Secure Transaction Protocol Analysis : Models and Applications

Secure Transaction Protocol Analysis : Models and Applications

المؤلف
سنة النشر
الناشر
اللغة
نوع الوثيقة
الموضوع الرئيسي
رمز الوثيقة

The present volume arose from the need for a comprehensive coverage of the state of the art in security protocol analysis. It aims to serve as an overall course-aid and to provide self-study material for researchers and students in formal methods theory and applications in e-commerce, data analysis and data mining. The volume will also be useful to anyone interested in secure e-commerce. The book is organized in eight chapters covering the main approaches and tools in formal methods for security protocol analysis. It starts with an introductory chapter presenting the fundamentals and background knowledge with respect to formal methods and security protocol analysis.
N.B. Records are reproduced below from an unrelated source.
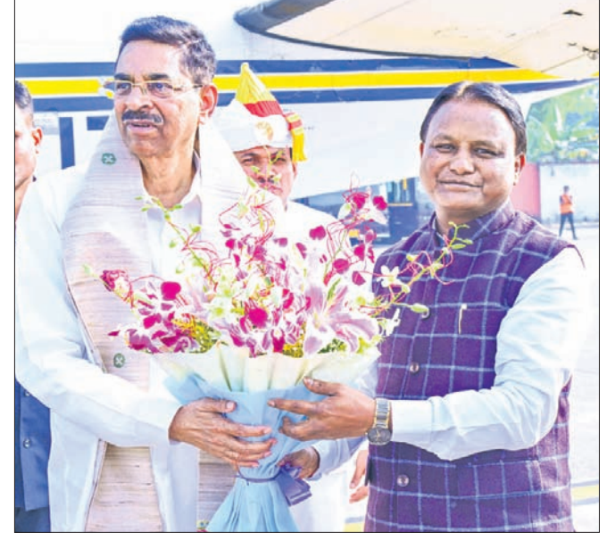
ଓଡ଼ିଶାର ନୂଆ ରାଜ୍ୟପାଳ ହରିବୀରୁ କମ୍‌ପତି ଗୁରୁବାର ଭୁବନେଶ୍ୱର ବିମାନବନ୍ଦରରେ ମୁଖ୍ୟମନ୍ତ୍ରୀ ମୋହନ ଚରଣ ମାଝୀ ସ୍ୱାଗତ ଜଣାଇଛନ୍ତି।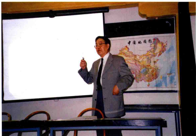
1987年在全苏地质科学 研究院作关于中国煤变质问 题的学术报告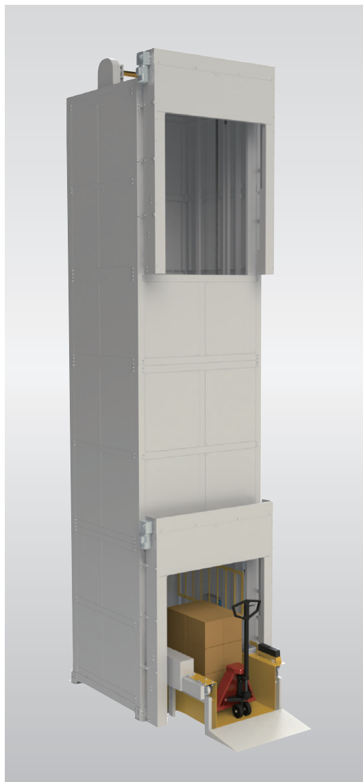
※シャッターはイメージ図となります

Chapter 2 provides an overview of related work in this area, including basic concepts and terminology. Chapters 3 and 4 show a logical framework and a model checker for analyzing secure transaction protocols. Chapter 5 explains how to deal with uncertainty issues in secure messages, including inconsistent messages and conflicting beliefs in messages. Chapter 6 integrates data mining with security protocol analysis, and Chapter 7 develops a new technique for detecting collusion attack in security protocols. Chapter 8 gives a summary of the chapters and presents a brief discussion of some emerging issues in the field.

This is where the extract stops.